In my previous blog entry, I talked about my frustrations in making good-looking hard-boiled eggs that were easy to peel. My Internet searches found a number of different techniques that cooks said were essential to success, but I wanted to know which techniques were best. So I set up a designed experiment to study the factors that affect the qualities of a hard-boiled egg. Now for the results…

 

How Do I Analyze This?

 

The responses measured were peel time, attractiveness of the egg and ease of peel.

The responses measured were peel time, attractiveness of the egg and ease of peel.  (Photo by Caroll Co)

 

 

First off, it’s important to notice that the Custom Designer added a column called Whole Plots (which indicates a batch of eggs that went into a pot) to the data table. We need to include this column as a random effect to ensure appropriate analysis. Fortunately, since we’ve created this design in JMP, you’ll notice a "Model" script on the left-hand side of the data table. Selecting Run Script brings up the Fit Model dialog with the model we had selected in Custom Design, and with the whole plot included properly. Alternatively, you could also go through Analyze -> Fit Model. Before hitting the Run button, I like to change the emphasis to Effect Screening to look at the Profiler.

 

The Results

I must admit, I had reservations about whether or not any effects would show up as significant. The results surprised me.

 

Peel Time

There was so much variation in the peel times that nothing came out significant at the 0.05 level. However, the effect of the cooking method was quite large, and the lack of significance could be in part due to having only 4 denominator degrees of freedom. The results suggest that starting the eggs in cold water increases the peeling time of the egg.

 

eggs_peel_time_estimates2

 

Or, if you prefer something more graphical, here are the 95% confidence intervals for the estimates.

 

peel time CIs

 

If I ignore the split-plot structure and simply look at the box plots of the peel time for the 12 eggs from each cooking method, the boiling start method looks to be more promising in terms of peel time. Note that I can’t throw away the split-plot structure if I’m doing analysis; I’m using this more as a guide to see if there’s reason for further experimentation – particularly since most instructions for hard-boiled eggs start from cold water.

 

eggs_peel_time_boxplot

 

Attractiveness

The attractiveness rating provided some interesting results. While there are some statistically significant results here, the largest effect is still the cooking start.

 

eggs_attractiveness_estimates2

 

attractiveness CIs

 

The results suggest that the boiling start leads to more attractive eggs. We also notice that not cracking the egg before cooling leads to more attractive eggs. To get a better idea of what’s happening with the interactions, I like to use the Prediction Profiler.

 

If we open up the Profiler and select “Maximize Desirability,” we find the best predicted settings are a boiling start, an old egg, cold-water bath and no cracking before cooling. This is particularly interesting since the model suggests better results using a cold-water bath instead of an ice-water bath. At the very least, it suggests that I would want to have the cooling method in my next experiment.

 

eggs_attractiveness_profiler

 

Ease of Peel Rating

The ease of peeling showed one significant effect.
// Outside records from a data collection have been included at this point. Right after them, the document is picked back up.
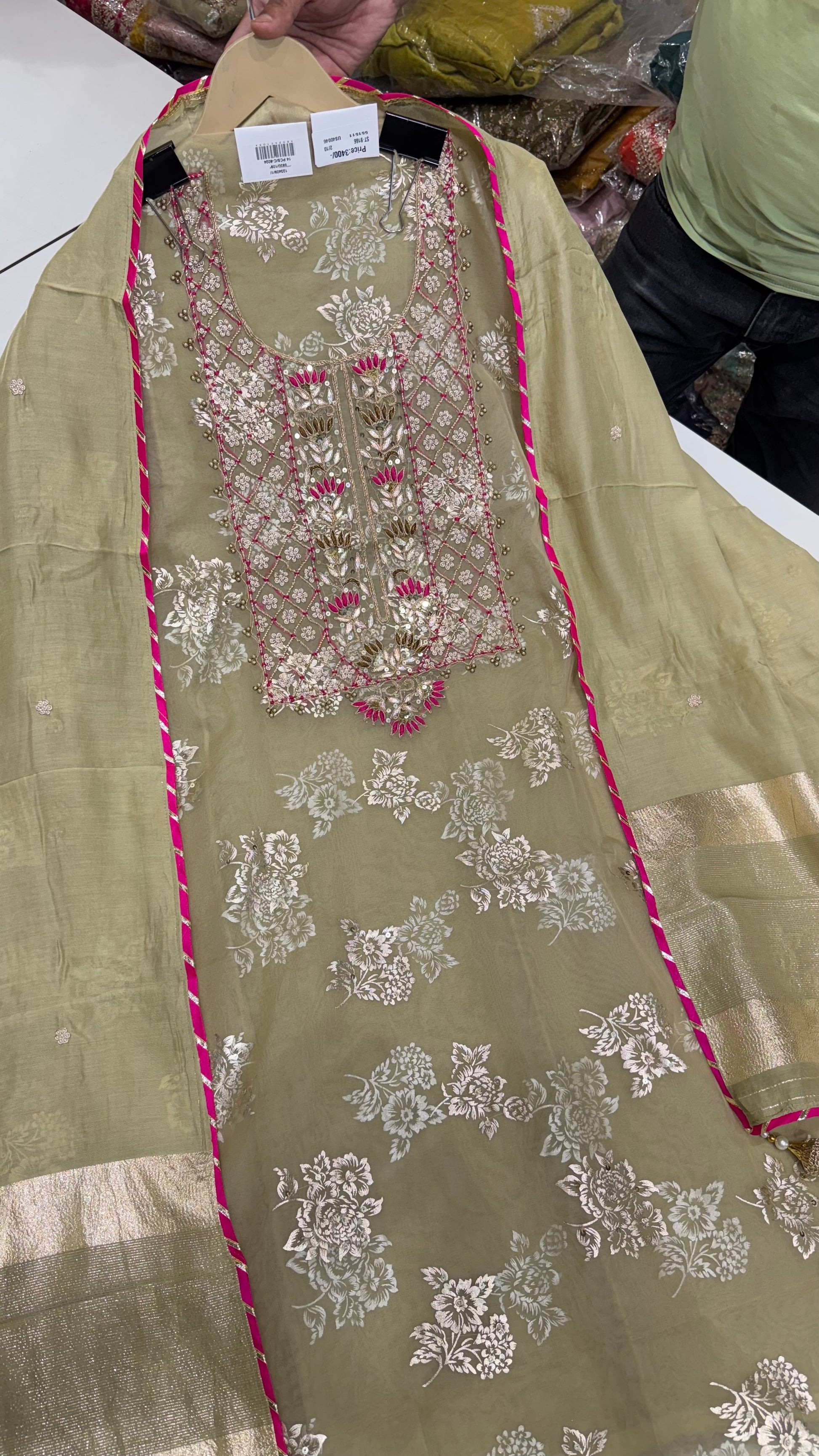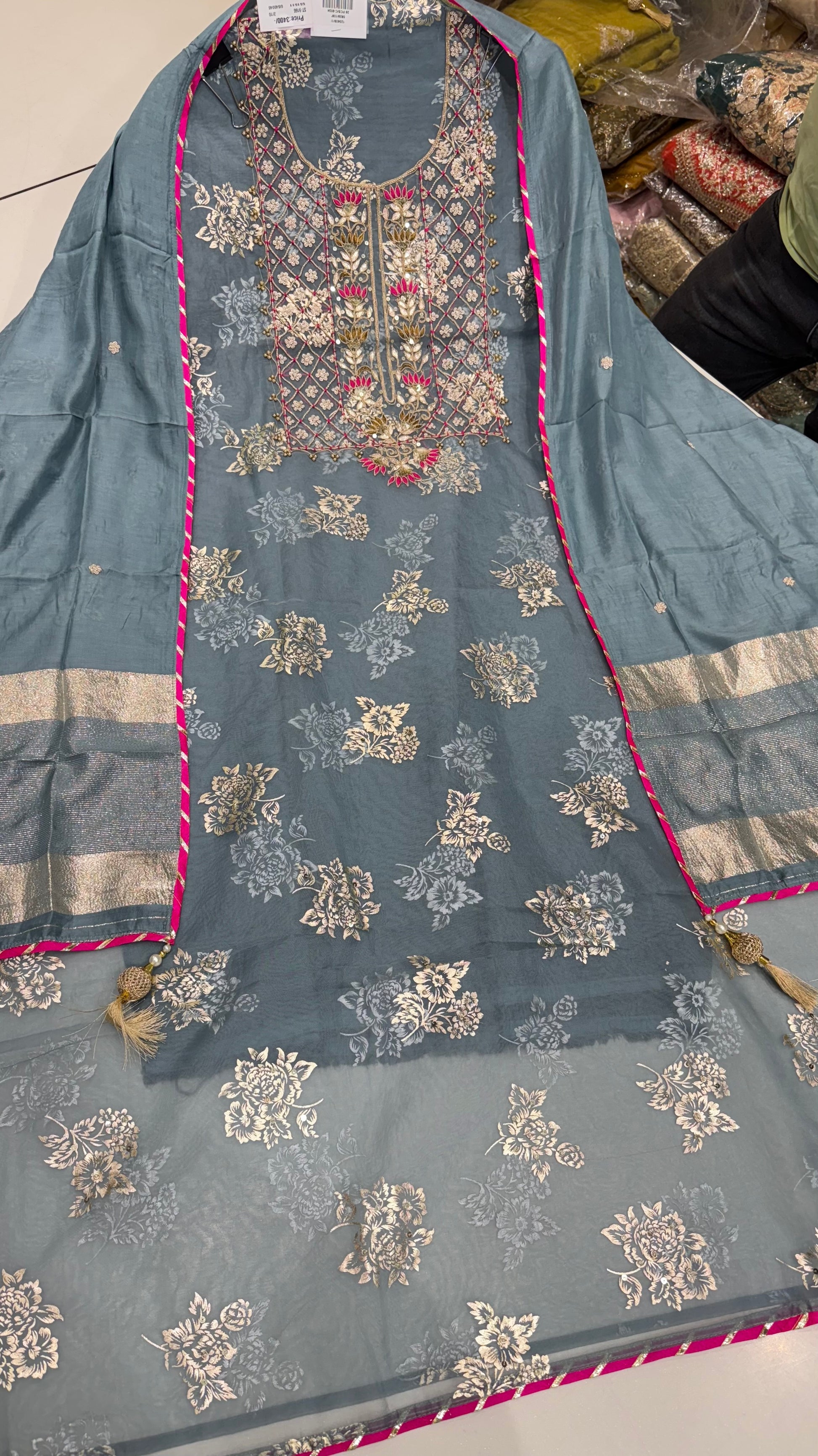 - Fabric: Pure Organza shirt with Muslin dupatta
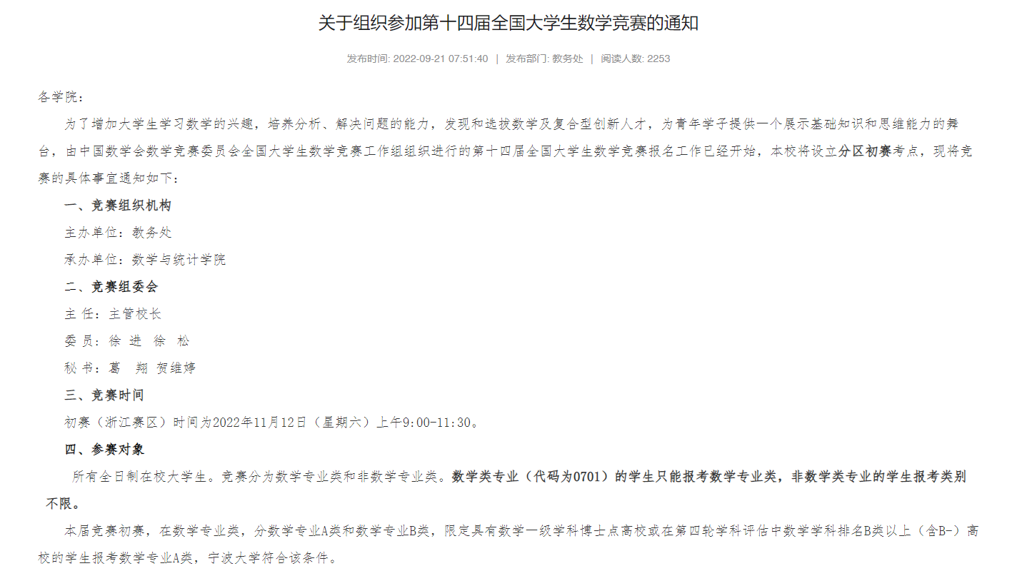 《关于组织参加第十四届全国大学生数学竞赛的通知》已于2022年9月21日于av直播 教务处网站发布,并推送至av直播 内网,同学们在av直播 内网和风华宁大app均可查阅。
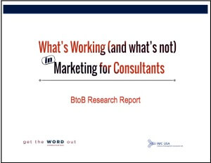 results of a survey of business to business (BtoB) consultants across the United States in the report, “What’s Working (and what’s not) in Marketing for Consultants.” The report summarizes a survey of over 350 BtoB consultants in partnership with the Institute of Management Consultants USA (IMC).

If you’ve read through to this point, you can probably guess which effect it is. When you consider that there were only six whole plots, it’s a bit surprising that I found a difference based on the cooking method.

 

eggs_ease_estimates2

 

peel ease CIs

 

Final Thoughts

 

 

The bottom line is that the best predicted settings were a boiling start, an old egg, cold-water bath and no cracking before cooling. When thinking about both attractiveness and ease of peel, the results suggest that I still want to study all four factors in the next experiment (with some additions as well).

 

This experiment has provided me some real food for thought (pun intended). You may have noticed that I had nothing about the taste/quality of the eggs in the response. In part, this was because it was going to be difficult to keep track of, and I didn’t want to cut the eggs right after they were peeled. That said, the eggs that we’ve eaten thus far have been better cooked than any batch I can remember preparing on my own in the last few years.

 

I also noticed that placing the eggs straight into boiling water led to cracks in some of the eggs (in three out of 12). This didn’t seem to affect the responses, but it is something that I would likely pay better attention to next time.

 

It certainly looks like there’s more experimenting to be done on this. In the future, I would increase the number of whole plots by using fewer eggs per batch and possibly add another level of randomization so that I can cook multiple batches of eggs at a time in different pots. This would also let me investigate some additional factors.

 

Thanks to everyone for the fantastic comments thus far, here and in the LinkedIn DOE group. Some of the additional items next time would be adding salt to the water, having cooking/cooling time and temperature as continuous factors (which is made all the more interesting after discovering fascinating material such as this blog post about soft-boiled eggs).

 

What factors would you like looked at next time? Do you have any other ideas for experiments not involving eggs that you would like to see? Please leave a comment to let me know!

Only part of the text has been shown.